增加L0训练阶段的MCTS部分

This commit is contained in:
hisatri
2025-07-23 07:04:10 +08:00
parent 88bed2a1ef
commit 4410defbe5
23 changed files with 5205 additions and 0 deletions

View File

@@ -0,0 +1,210 @@
"""
性能基准测试
测试不同MCTS实现的性能对比
"""
import time
import torch
import pytest
from game import Game2048
from torch_mcts import TorchMCTS
class TestPerformanceBenchmark:
"""性能基准测试类"""
@pytest.fixture
def game(self):
"""测试游戏状态"""
return Game2048(height=3, width=3, seed=42)
def test_cpu_mcts_performance(self, game):
"""测试CPU MCTS性能"""
mcts = TorchMCTS(
c_param=1.414,
max_simulation_depth=50,
device="cpu"
)
simulations = 2000
start_time = time.time()
action, stats = mcts.search(game, simulations)
elapsed_time = time.time() - start_time
speed = simulations / elapsed_time
# CPU MCTS应该达到基本性能要求
assert speed > 500, f"CPU MCTS性能过低: {speed:.1f} 模拟/秒"
assert action in game.get_valid_moves()
def test_auto_device_mcts_performance(self, game):
"""测试自动设备选择MCTS性能"""
mcts = TorchMCTS(
c_param=1.414,
max_simulation_depth=50,
device="auto"
)
simulations = 2000
start_time = time.time()
action, stats = mcts.search(game, simulations)

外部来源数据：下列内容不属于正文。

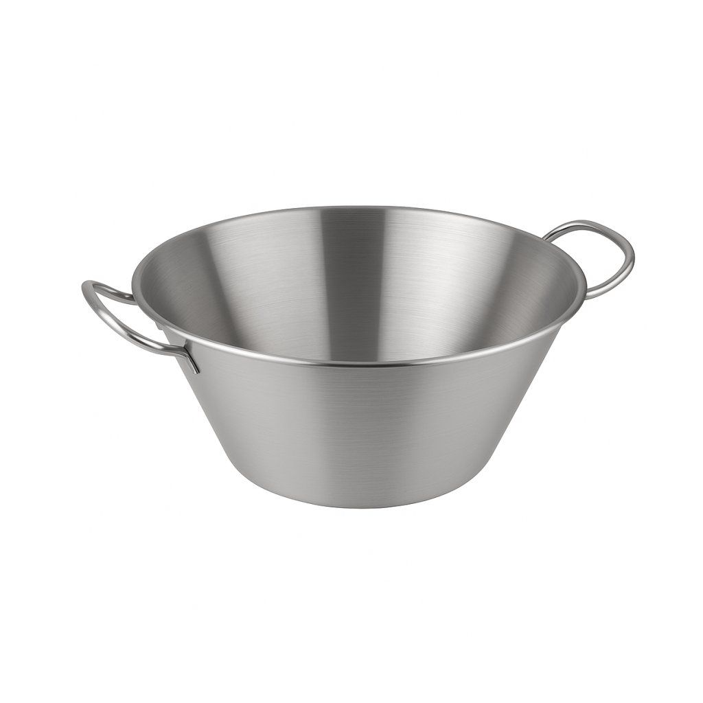 Kónická miska s objemom 17 litrov je navrhnutá pre profesionálne použitie v kuchyniach, kde je potrebné miešať alebo pripravovať veľké množstvá surovín. Je vybavená pevnými bočnými úchytmi, ktoré umožňujú bezpečné prenášanie aj pri plnom objeme. Vďaka tvaru so zúženým dnom je ideálna na šľahanie, miešanie cesta, marinovanie mäsa alebo spracovanie šalátov, pričom jej konštrukcia zaručuje stabilitu a odolnosť aj pri intenzívnom používaní.

elapsed_time = time.time() - start_time
speed = simulations / elapsed_time
# 自动设备选择应该有合理性能
assert speed > 100, f"自动设备MCTS性能过低: {speed:.1f} 模拟/秒"
assert action in game.get_valid_moves()
if mcts.device.type == "cuda":
del mcts
torch.cuda.empty_cache()
@pytest.mark.skipif(not torch.cuda.is_available(), reason="CUDA不可用")

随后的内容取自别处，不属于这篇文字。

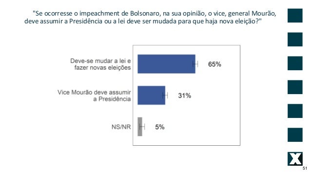 51. 51. "Se ocorresse o impeachment de Bolsonaro, na sua opini�o, o vice, general Mour�o, deve assumir a Presid�ncia ou a lei deve ser mudada para que haja nova elei��o?" 51

def test_gpu_mcts_performance(self, game):
"""测试GPU MCTS性能"""
gpu_mcts = TorchMCTS(
max_simulation_depth=50,
batch_size=8192,
device="cuda"
)
simulations = 5000
torch.cuda.synchronize()
start_time = time.time()
action, stats = gpu_mcts.search(game, simulations)
torch.cuda.synchronize()
elapsed_time = time.time() - start_time
speed = simulations / elapsed_time
# GPU MCTS应该有显著性能提升
assert speed > 200, f"GPU MCTS性能过低: {speed:.1f} 模拟/秒"
assert action in game.get_valid_moves()
del gpu_mcts
torch.cuda.empty_cache()
@pytest.mark.skipif(not torch.cuda.is_available(), reason="CUDA不可用")
def test_performance_comparison(self, game):
"""性能对比测试"""
simulations = 3000
results = {}
# CPU MCTS
cpu_mcts = TorchMCTS(c_param=1.414, max_simulation_depth=50, device="cpu")
start_time = time.time()
cpu_action, cpu_stats = cpu_mcts.search(game.copy(), simulations)
cpu_time = time.time() - start_time
results['CPU'] = simulations / cpu_time
# GPU MCTS
gpu_mcts = TorchMCTS(max_simulation_depth=50, batch_size=8192, device="cuda")
torch.cuda.synchronize()
start_time = time.time()
gpu_action, gpu_stats = gpu_mcts.search(game.copy(), simulations)
torch.cuda.synchronize()
gpu_time = time.time() - start_time
results['GPU'] = simulations / gpu_time
# 验证性能提升
speedup = results['GPU'] / results['CPU']
print(f"\n性能对比:")
print(f" CPU: {results['CPU']:.1f} 模拟/秒")
print(f" GPU: {results['GPU']:.1f} 模拟/秒")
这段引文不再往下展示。